_TO DO_
When copying the data below, keep only the lines from the one with "Head to the" through the one with "次卧通铺木地板,做一门到顶的推拉门衣柜,储物空间充足,整体简约大气", word for word, and skip the pictures.

_RECORDS FOR THIS TASK_
____

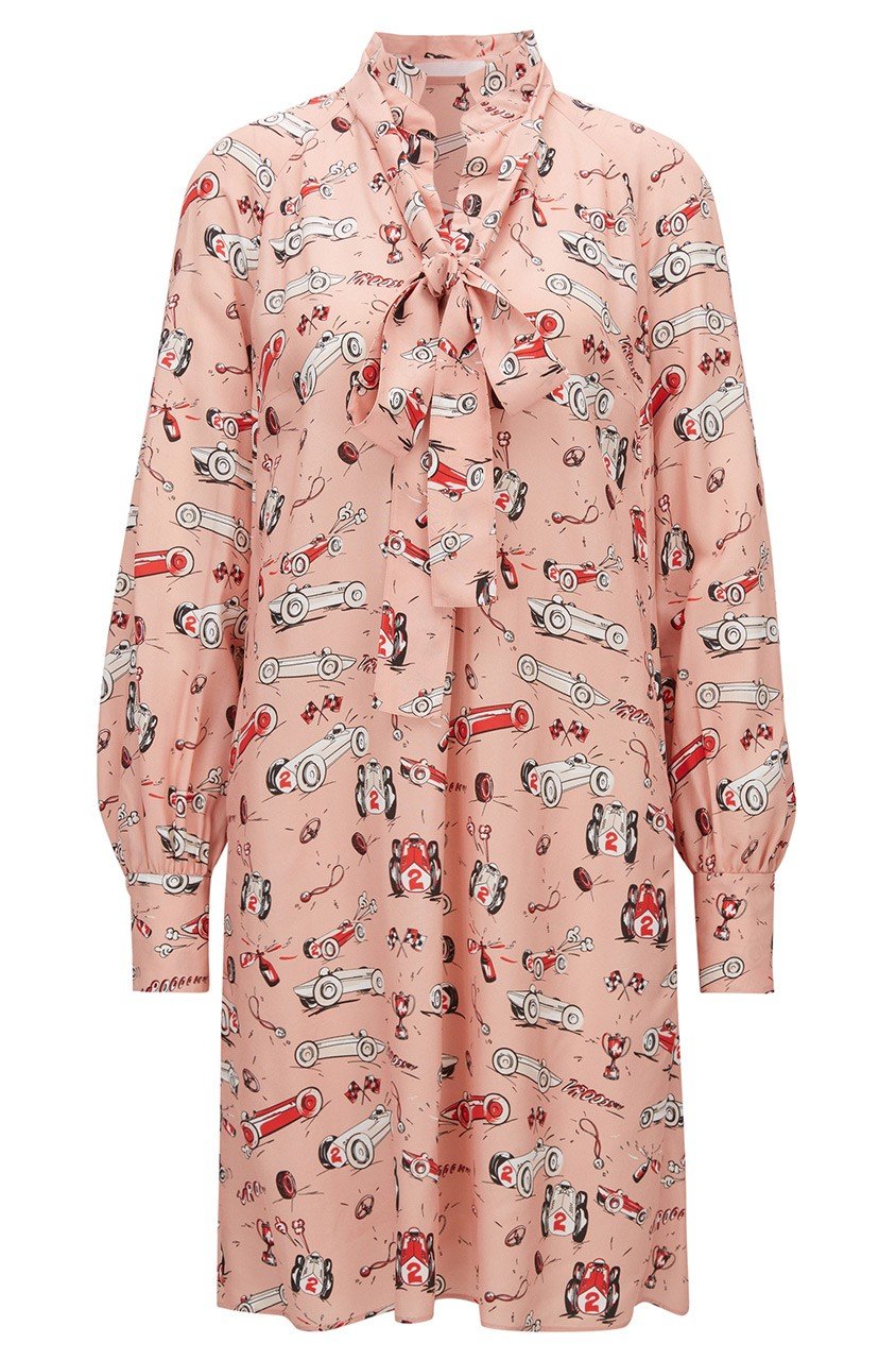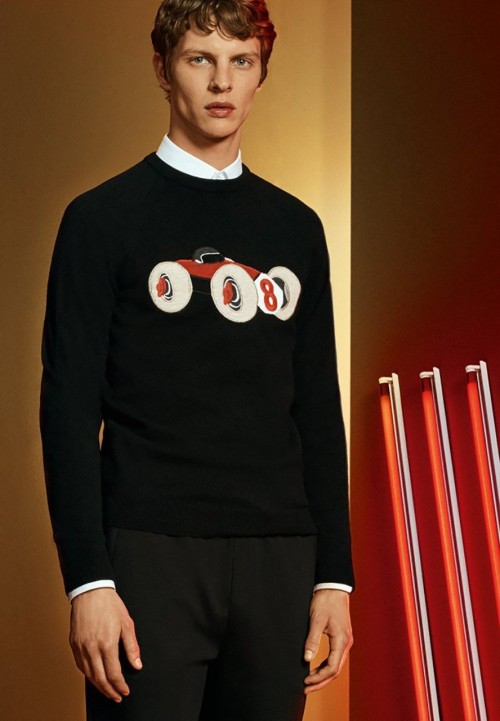 Ένα σχέδιο που προέρχεται από τα μοντέλα της Playforever, το μοτίβο του αυτοκινήτου, αποτελεί κεντρικό θέμα της εορταστικής σειράς, είτε σχεδιασμένο σε μεταξωτό γυναικείο φόρεμα, είτε κεντημένο στο πίσω μέρος ενός bomber jacket. Το παιχνιδιάρικο αυτό σχέδιο συνεχίζεται σε όλη τη συλλογή των αξεσουάρ, εφαρμοσμένο σε τσάντες, μικρά δερμάτινα είδη, κλειδοθήκες, θήκες τηλεφώνων, καθώς και σε ανδρικά και γυναικεία sneakers. Tα ανδρικά κομμάτια είναι εμπνευσμένα από τα style icons των 70’s και το Studio 54. Τα tailored tuxedos δημιουργούνται από σατέν, πολυτελές βελούδο και υφαντό μαλλί, με φαρδιά πέτα και contrast λεπτομέρειες. Kλασικά κομμάτια που αναδιατυπώνονται σε ιδιαίτερα σχέδια, άψογα κομμένα, με κομψό φινίρισμα. Η γυναικεία συλλογή "αγκαλιάζει" τα έντονα prints και τις θηλυκές ρετρό σιλουέτες. Μεσάτα φορέματα και κομψές μπλούζες με λεπτομέρειες από φιόγκους σε απαλό ροζ συνδυάζονται με oversized πλεκτά και biker jackets για ένα cool, μοντέρνο σύνολο. Η αίγλη μιας άλλης εποχής αποτυπωμένη με σύγχρονη ματιά και το ξέγνοιαστο στιλ επικρατούν σε αυτή τη νέα συλλογή με την υπογραφή του creative director της Boss, Jason Wu, που θα σας εξασφαλίζει μοναδικές εμφανίσεις.
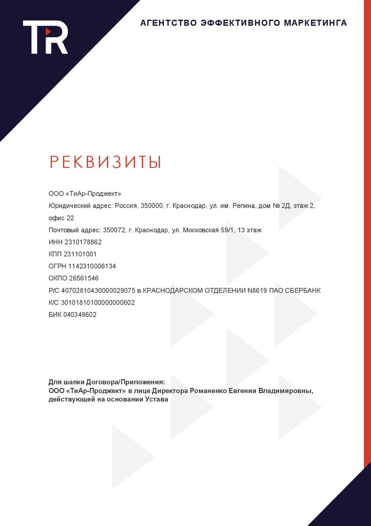 ООО «ТиАр-Проджект» в лице Директора Романенко Евгении Владимировны,
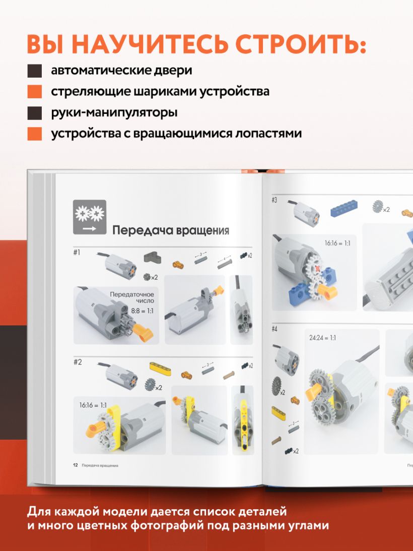 Вы научитесь строить автоматические двери, стреляющие шариками устройства, руки-манипуляторы, устройства с вращающимися лопастями и другие удивительные механизмы. Каждая модель иллюстрирует простые механические принципы, которые вы сможете использовать при сборке собственных моделей.
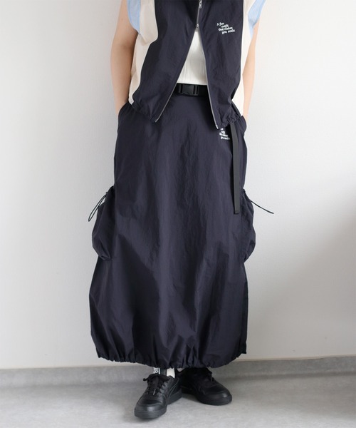 存在感があり、シンプルなTシャツと合わせるだけでおしゃれ見えスカート! デイリー使いはもちろん、フェスやBBQ、キャンプなどアウトドアにも最適の一枚。 セットアップのベスト(CFL-3687)と合わせてコーデを楽しめる♪ ◇Point◇ 裾は調整のできるドロスト仕様なので、絞ることでシルエットの変化が楽しめます☺︎ セットアップ(CFL-3687)ベストと着用したり、シンプルなTシャツと合わせるだけで、旬な着こなしを楽しむことができます。 スポーティーコーデなら、ロゴTシャツやスニーカーと合わせてアクティブな印象に♪ 季節を問わずスタイリッシュなコーディネートの一部として活用できるアイテムです。 ◇Material◇ ⚫︎裾とポケットのドロストを調節してシルエットの変化を楽しんで☺︎ ⚫︎ポケットは大きめ!たっぷり入ります♪ ⚫︎ナイロン100%素材でサラッと気持ちのいい着心地! ⚫︎カラーはオフホワイト、ネイビーの2色展開 ⚫︎ウエスト前はフラットでインしても綺麗。 ⚫︎シンプルながらも、可愛いシルエットが女性らしく演出♪ ⚫︎アウトドアやレジャーシーンにも大活躍! ⚫︎ゆとりのあるストレートシルエット ⚫︎ウェストゴムでストレスフリーな穿き心地。付属のウェービングベルトで調節も◎。 ⚫︎裏地なし、透け感はほぼありません ※カラーにより素材の混率が異なります。 ◇Coordinate◇ いつものTシャツスタイルにプラスするだけでこなれ感を演出! セットアップ(CFL-3687)でベストと合わせるのはもちろん、 同系色のTシャツでワントーンコーデがオススメです☺︎ ※照明や天候により実際の色味と異なって見える場合がございます。ご了承くださいませ 【キーワード】 #Y2K#20代#30代#40代#50代#スポーティー#セットアップ#アウトドア#イージーケア
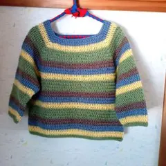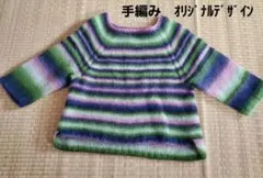 淡いピンク・ラベンダー・ホワイトが混ざったマルチカラーの手編み風ニットセーターです。
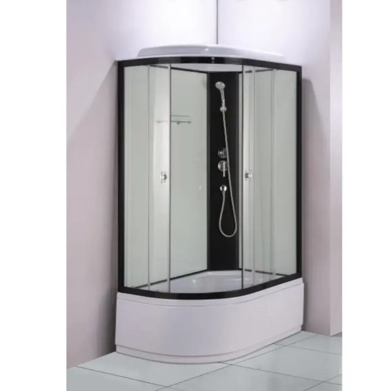 Душевая кабина Водный мир правая имеет размер 120х80 см. Форма — асимметричная , цвет черный, исполнение полотна двери прозрачное. Механизм открывания раздвижной.
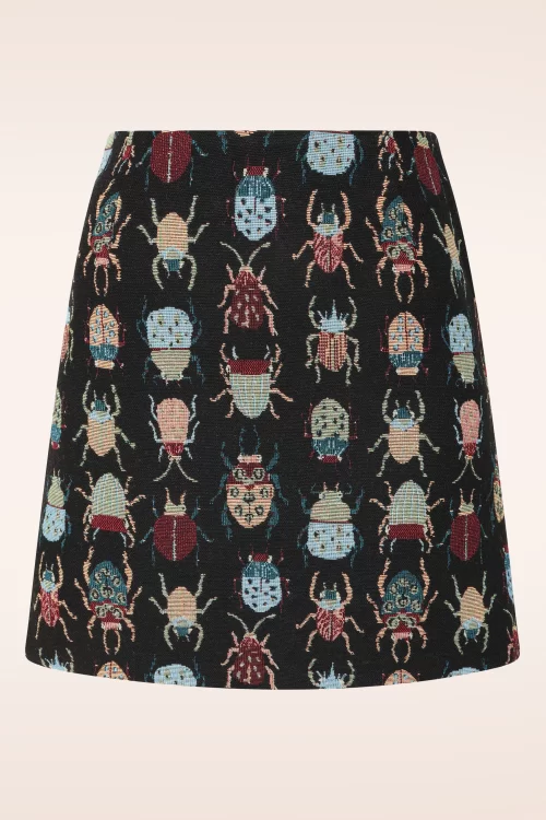“Printed to play, tailored to slay... this jacquard mini does both.” Dit speelse A-lijn rokje is uitgevoerd in een iets dikkere en stevige jacquard stof (stretcht niet!) met een print van kleurrijke kevers.
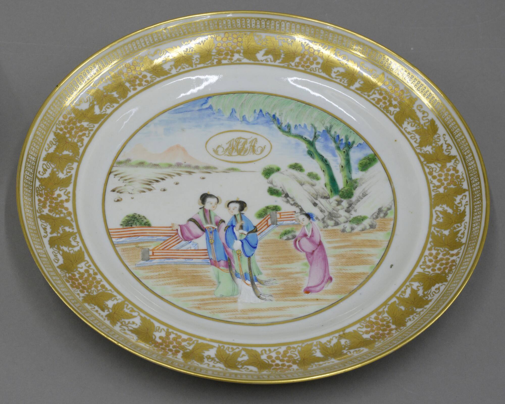 DescriptionDecorated with the initials of the unidentified owner. Part of seventy-seven piece tea service. In plates and on sides of vessels and containers is scene in famille-rose style with gold monogram, MTA, above figs. Border design of gold grape bunches and leaves in plates and on lids and upper sides of vessels. Lid knobs of jam dish and pots, gold berries. Handles of truncated conical pots and cylindrical sugar, entertwining "vines" ends of which attached with gold leaves.
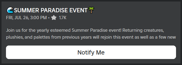 The Summer Paradise Event of 2024 is an event that released on July 26th, 2024, at 3:18 PM PDT, with a four-week duration, ending on August 23rd, 2024, at 3:02 PM PDT. This is the third returning Summer Paradise Event and will feature all previous Summer Paradise event creatures, plushies, and palettes, as well as some new unrevealed additions.
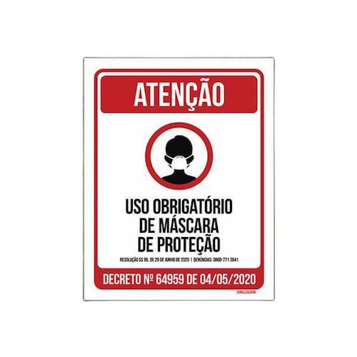 Principais Características: - Placa decorativa de atenção para uso obrigatório de máscara de proteção - Fabricada em poliestireno de alto impacto PSAI de 2mm - Adesivo vinil automotivo de alta performance - Medidas: 18cm x 23cm - Fixação fácil com adesivo dupla face - Pode ser aplicada em qualquer tipo de superfície lisa - Garantia de 12 meses - Disponibilidade imediata
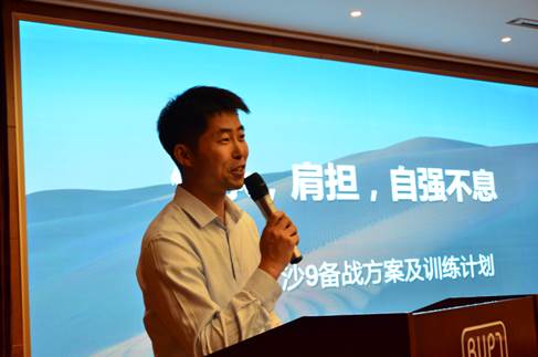 在接下来的队旗交接仪式上,沙8领队付航向沙9领队彭泽传递沙9队旗,标志着沙9团队的正式成立。随后,沙9领队彭泽宣读太阳成集团官方网站沙9赛事招募选拔方案与训练方案。
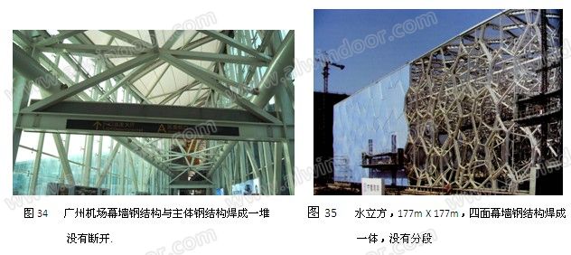 幕墻鋼結(jié)構(gòu)與主體鋼結(jié)構(gòu)或主體混凝土結(jié)構(gòu)相連接,兩者溫度變形相同或相近,溫度應(yīng)力很小;鋼材強(qiáng)度很高,完全可以承受溫度應(yīng)力。所以斷與不斷都不成問題,怎么做都可以,斷與不斷,由設(shè)計(jì)者自行決定:
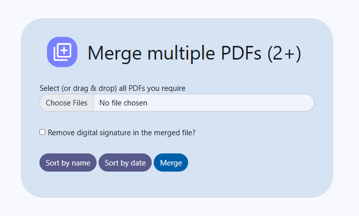 Head to the PDFGPT Merge Tool page (or pick a different reliable online PDF merging tool). You should see a simple screen where you can upload your files.
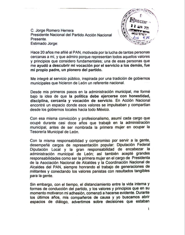 La alcaldesa de León, Alejandra Gutiérrez, anunció su renuncia al Partido Acción Nacional, PAN, tras asegurar que durante años fue objeto de “ataques sistemáticos desde el poder” y que el instituto político “se traicionó a sí mismo”. La edil sostuvo que, pese a sus señalamientos internos, “jamás fue escuchada”, lo que la llevó a tomar la decisión de separarse de las filas panistas.
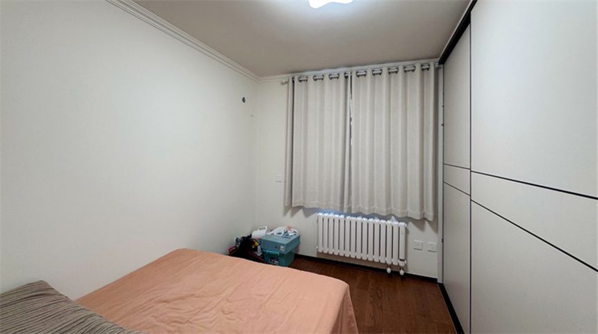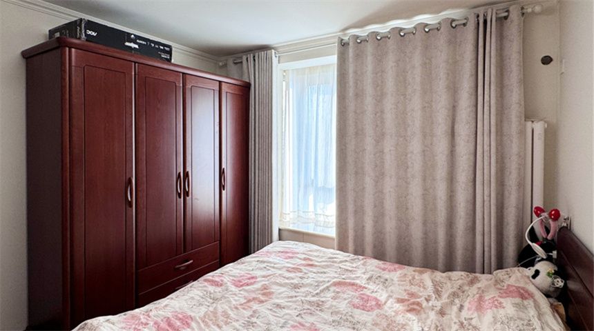 次卧通铺木地板,做一门到顶的推拉门衣柜,储物空间充足,整体简约大气
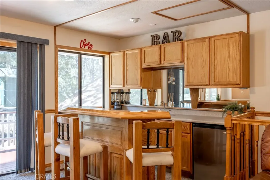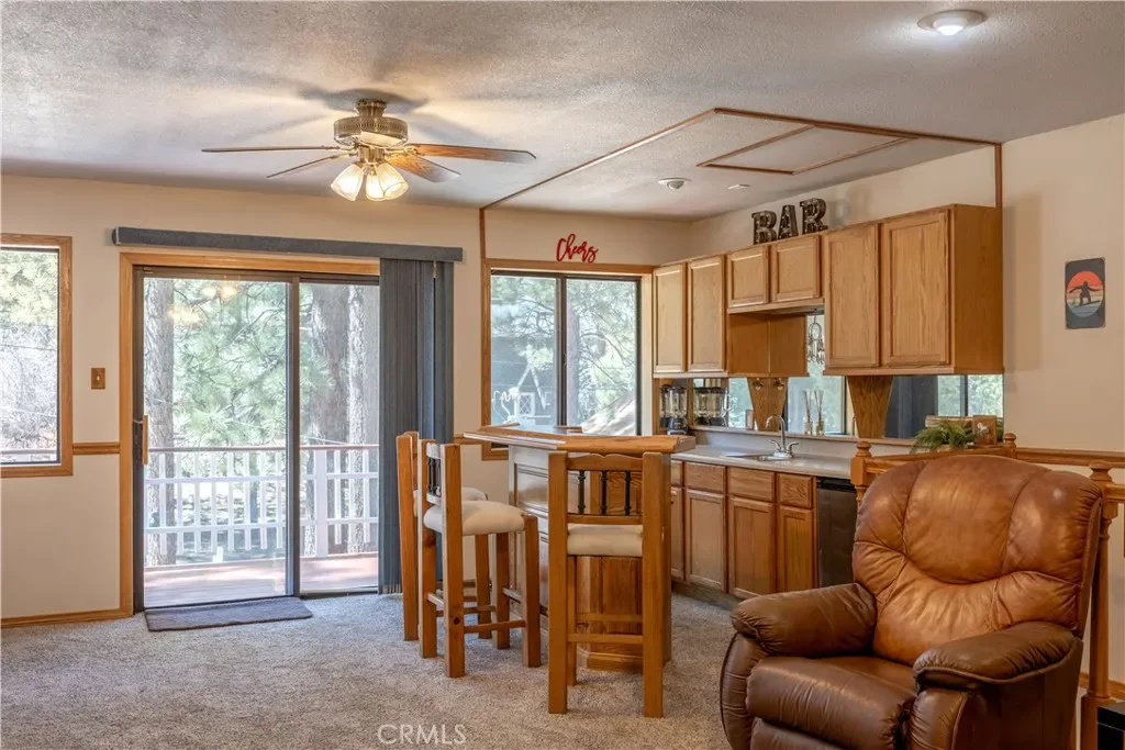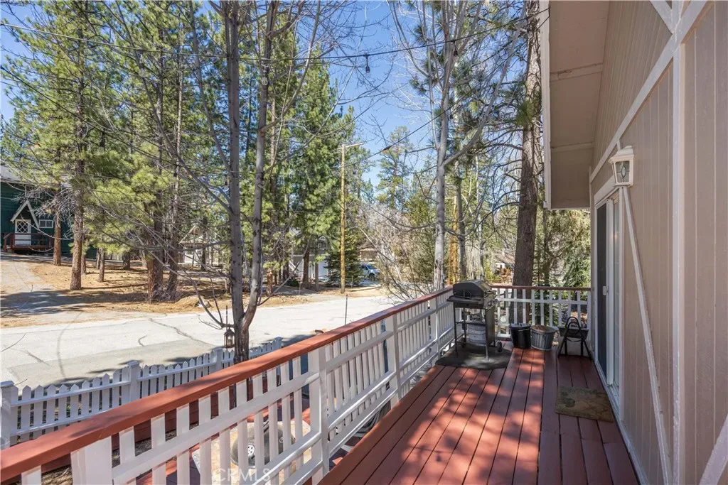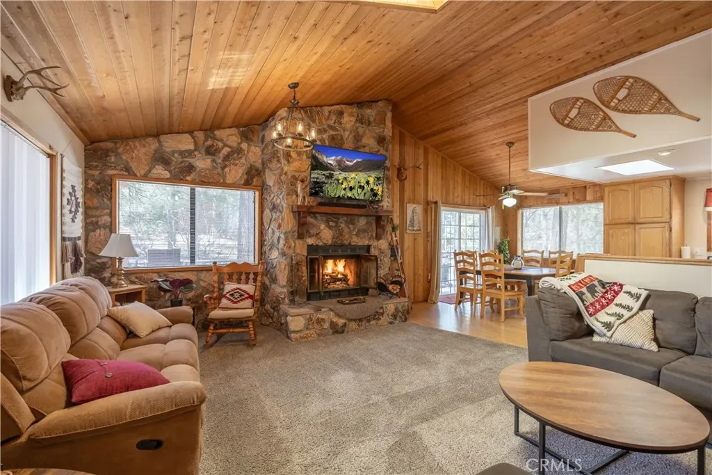 Experience the best of Big Bear living in this well-maintained Fox Farm home, tucked away on a quiet, peaceful street far from traffic. Built with a comfortable open-concept layout, the interior centers around a sun-drenched “Great Room” with high wood-beam ceilings, natural skylights, and a solid floor-to-ceiling stone fireplace. This space flows right into the kitchen—fitted with a stainless-steel range and handy pull-out pantry storage—and a dining area where glass sliders open to a large cedar deck. It is a great spot for a summer BBQ or a soak in the outdoor hot tub, which has been recently updated with a brand-new heater and digital controller.

____

_ANSWER SECTION_
 Head to the PDFGPT Merge Tool page (or pick a different reliable online PDF merging tool). You should see a simple screen where you can upload your files.
 La alcaldesa de León, Alejandra Gutiérrez, anunció su renuncia al Partido Acción Nacional, PAN, tras asegurar que durante años fue objeto de “ataques sistemáticos desde el poder” y que el instituto político “se traicionó a sí mismo”. La edil sostuvo que, pese a sus señalamientos internos, “jamás fue escuchada”, lo que la llevó a tomar la decisión de separarse de las filas panistas.
 次卧通铺木地板,做一门到顶的推拉门衣柜,储物空间充足,整体简约大气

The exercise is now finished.